(Saved data entries)

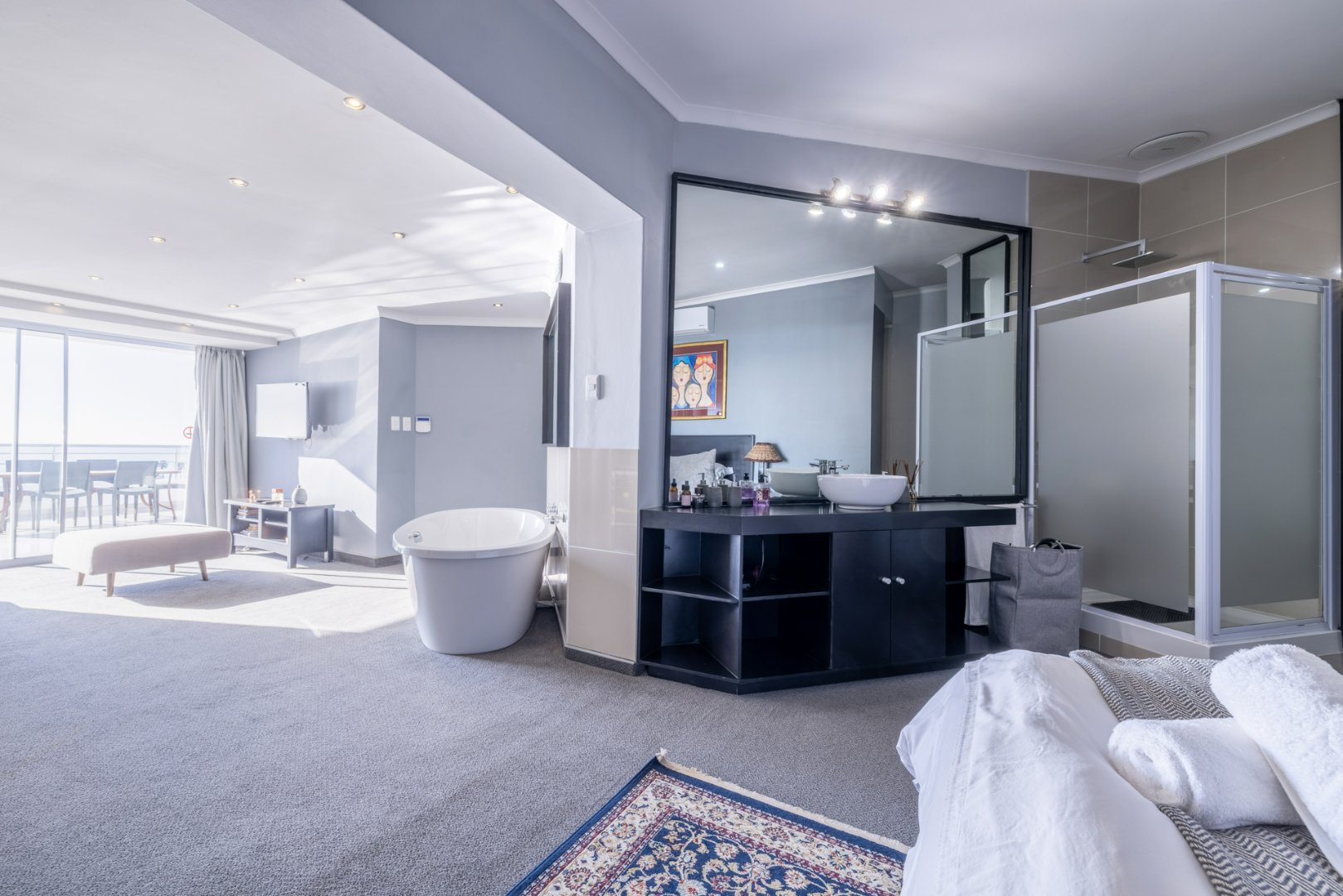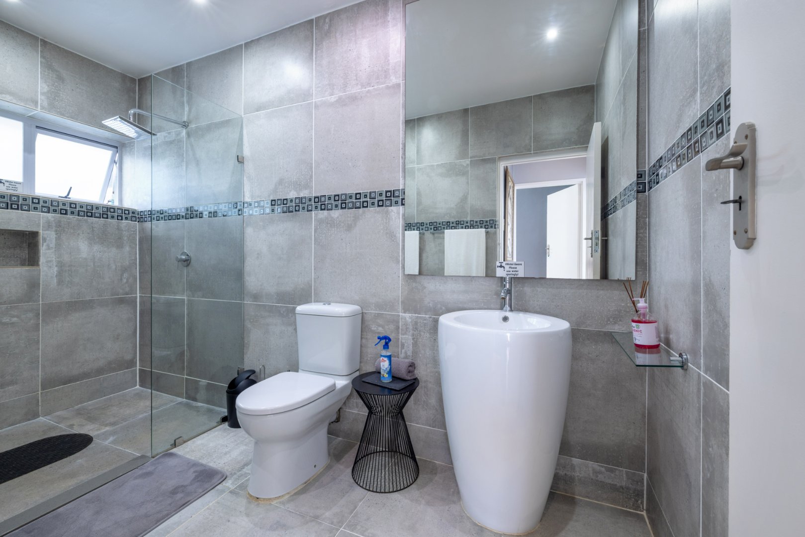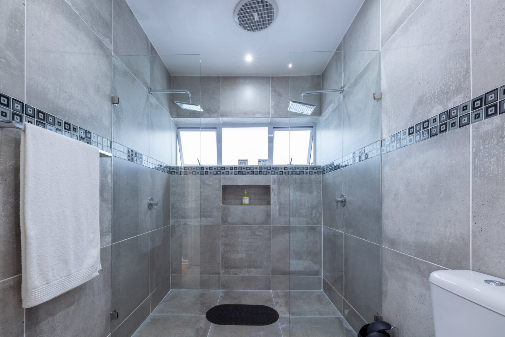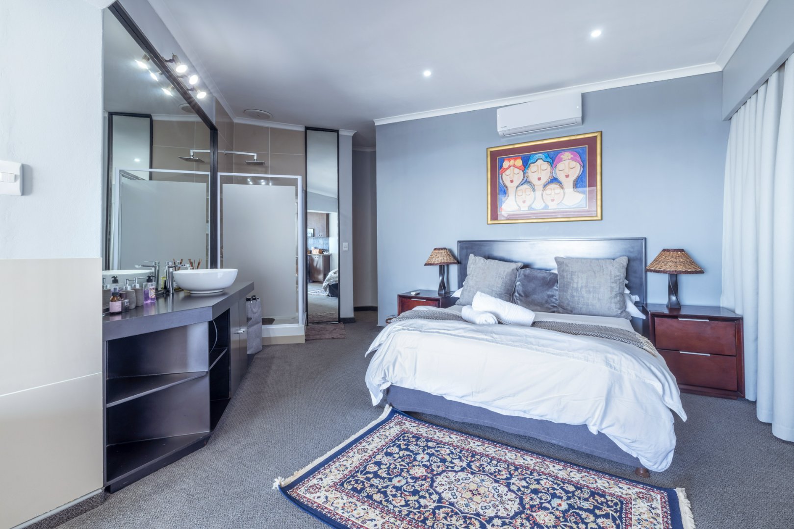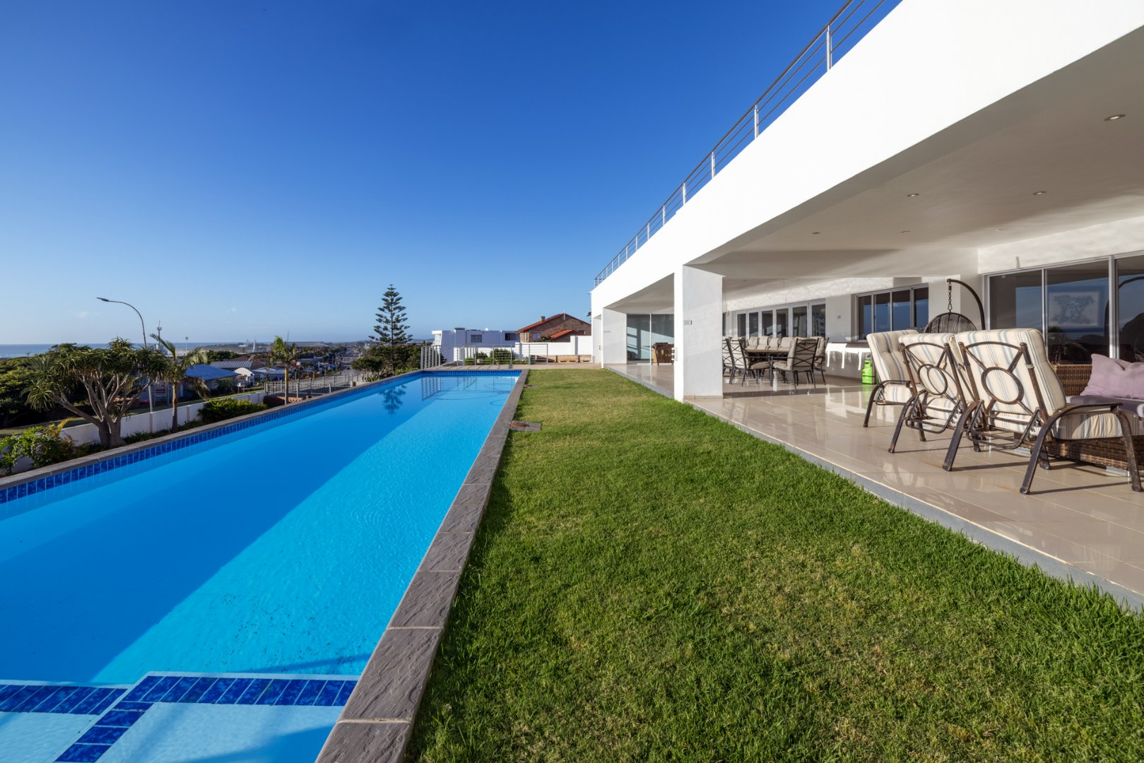 The expansive open-plan living area downstairs is perfect for entertaining, with seamless flow between the dining area, TV lounge, and indoor braai room. Large sliding doors open out to the sparkling pool and outdoor entertainment area, creating the ultimate space for relaxed coastal living and year-round enjoyment.
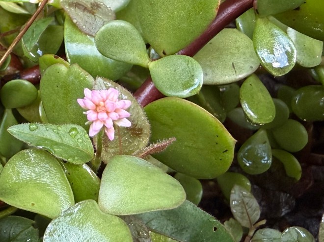 By now, I was on a mission to find anything remotely pink or purple in the garden. Everything smells wonderful after a rain, so I took my time and turned up one more, this tiny flowering ground cover that self-seeds as it pleases, and has done so for thirty years.
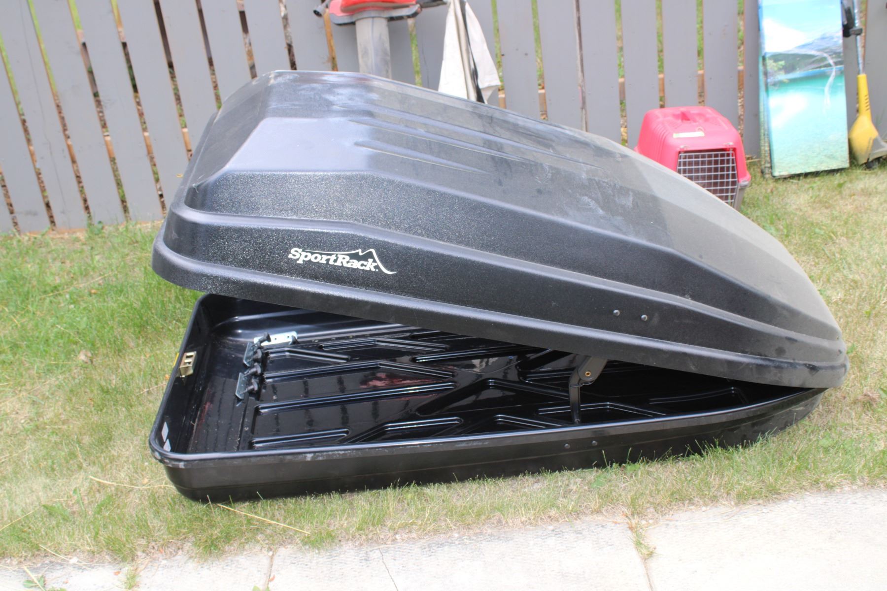 Sportsrack Cargo Box with key and accessories to secure on top of vehicle
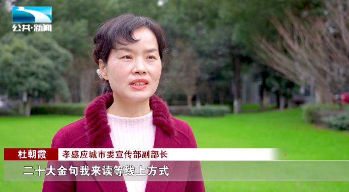 孝感应城市委宣传部副部长 杜朝霞:“应城市通过书画美术展,诵经典、讲故事,二十大金句我来读等线上方式,开展丰富多彩 形式多样的宣讲活动,覆盖受众20万人,点击量过百万次。”
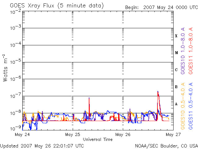 De operationele data in de bovenstaande grafiek werd aangepast om de schaalfactor te verwijderen die werd toegepast door het Space Weather Prediction Center (SWPC). Vanwege de SWPC-schaalfactor in de operationele data werden de zonnevlammen 42% kleiner gerapporteerd dan deze in de wetenschappelijke data. De schaalfactor werd ook verwijderd uit de lijst met zonnevlammen om de werkelijke fysieke eenheden weer te geven.
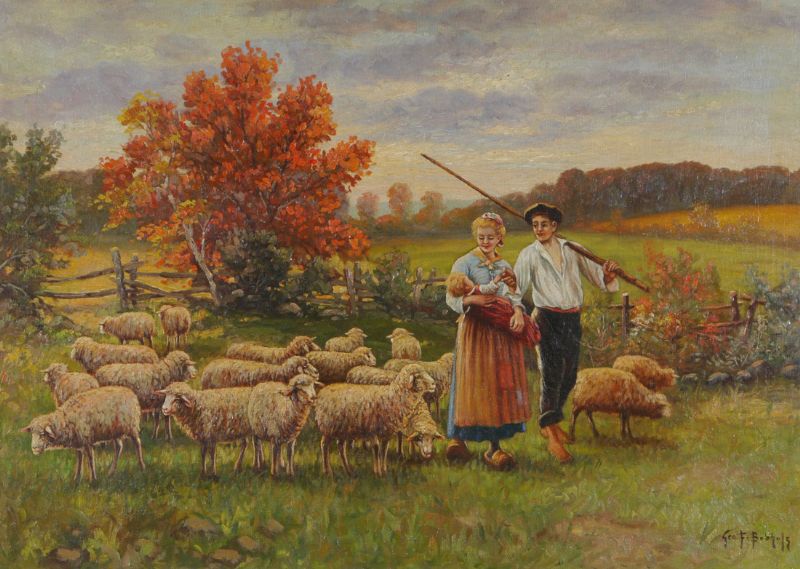 Landscape with Flock of Sheep, Shepherd, & His Family
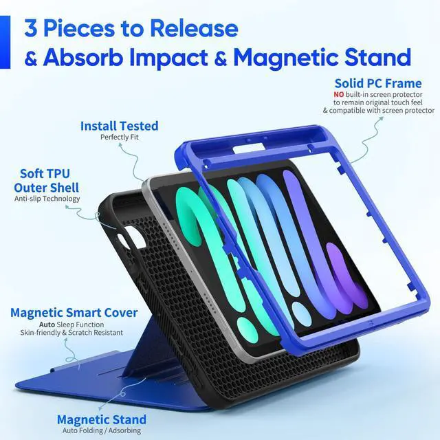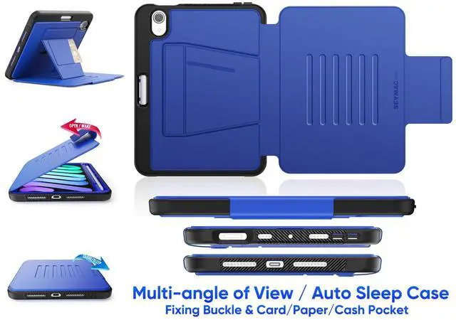 SEYMAC stock Case for iPad mini 7 (A17 Pro) / Mini 6 8.3 '', Strong Magnetic Auto Sleep Shockproof Case with Absorbing Multi-Angles Stand, Pen Holder, Card Slot, Blue
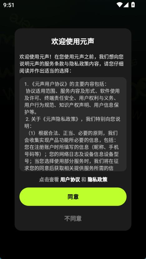 1.打开元声ai,点击同意。
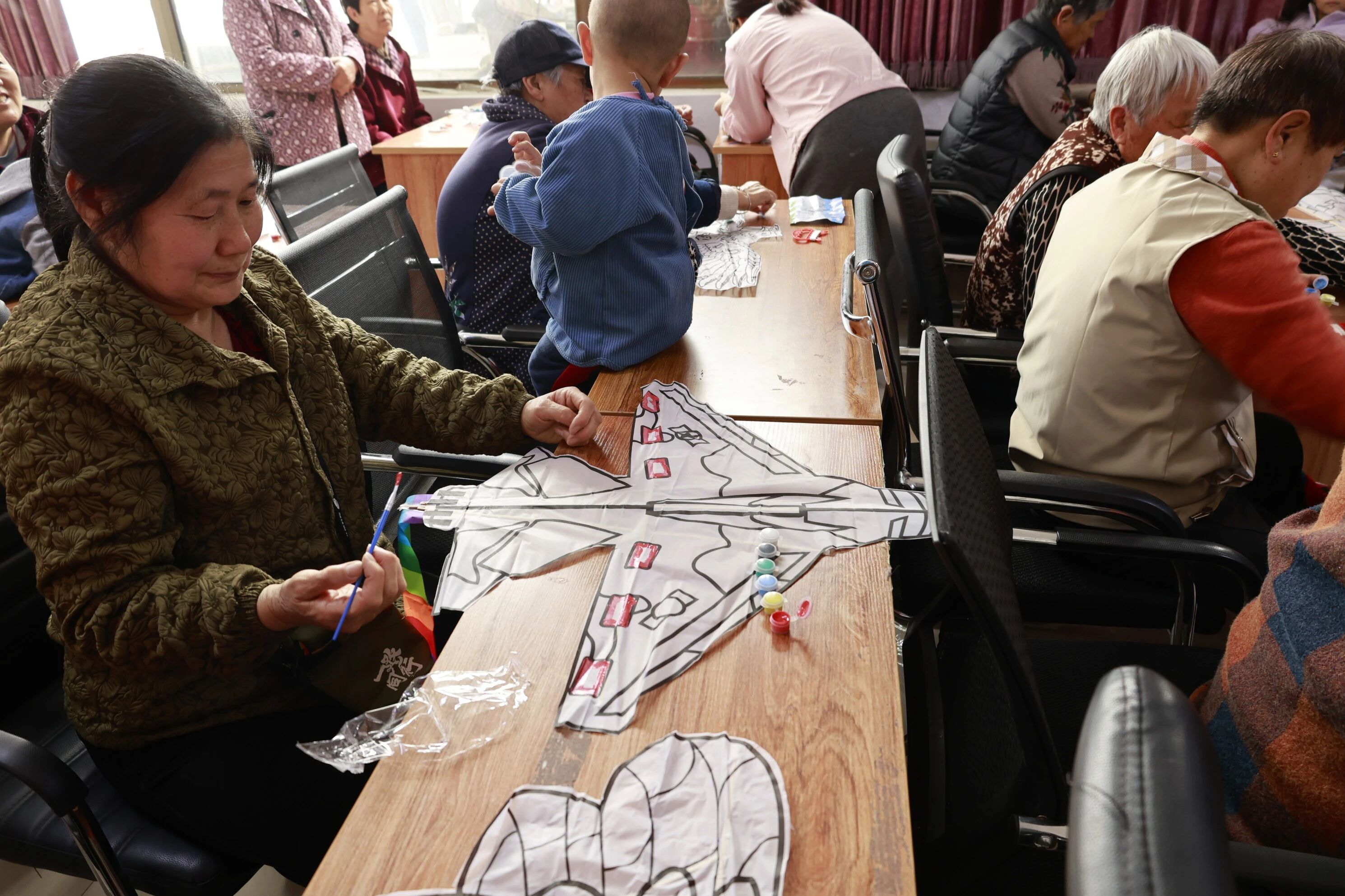 在手绘纸鸢环节,工作人员统一发放空白纸鸢坯、颜料、画笔等制作材料,并现场示范绘画技巧与简易组装方法。群众兴致高涨,纷纷拿起画笔自由发挥创意,精心绘制专属清明纸鸢,在沉浸式手工创作中感受传统手工艺的乐趣,体会民俗文化的独特魅力。
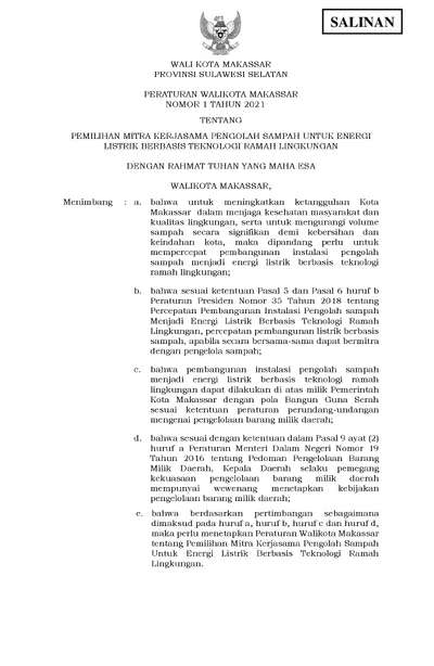 Peraturan Walikota Makassar Nomor 1 Tahun 2021 Tentang Pemilihan Mitira Kerjasama Pengolah Sampah Untuk Energi Listrik Berbasis Teknologi Ramah .............
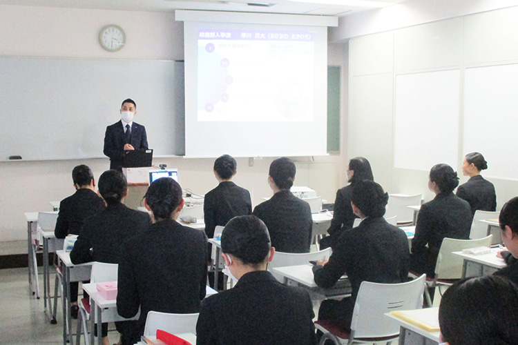 1年次の早い段階から始まる「キャリアサポート」の授業などを通して目指す将来像を明確にしていき、日本で就職活動するための基本知識や心構えを学びます。また、企業説明会で様々な業界や職業への理解を深めていくことができます。クラス担任と就職担当がダブルサポートをしていきます。

Problem statement →
Please copy, exactly as written, the lines from the one that contains "Peraturan Walikota Makassar" through the end of the records, both ends included. Do not include the pictures.

Expected answer →
 Peraturan Walikota Makassar Nomor 1 Tahun 2021 Tentang Pemilihan Mitira Kerjasama Pengolah Sampah Untuk Energi Listrik Berbasis Teknologi Ramah .............
 1年次の早い段階から始まる「キャリアサポート」の授業などを通して目指す将来像を明確にしていき、日本で就職活動するための基本知識や心構えを学びます。また、企業説明会で様々な業界や職業への理解を深めていくことができます。クラス担任と就職担当がダブルサポートをしていきます。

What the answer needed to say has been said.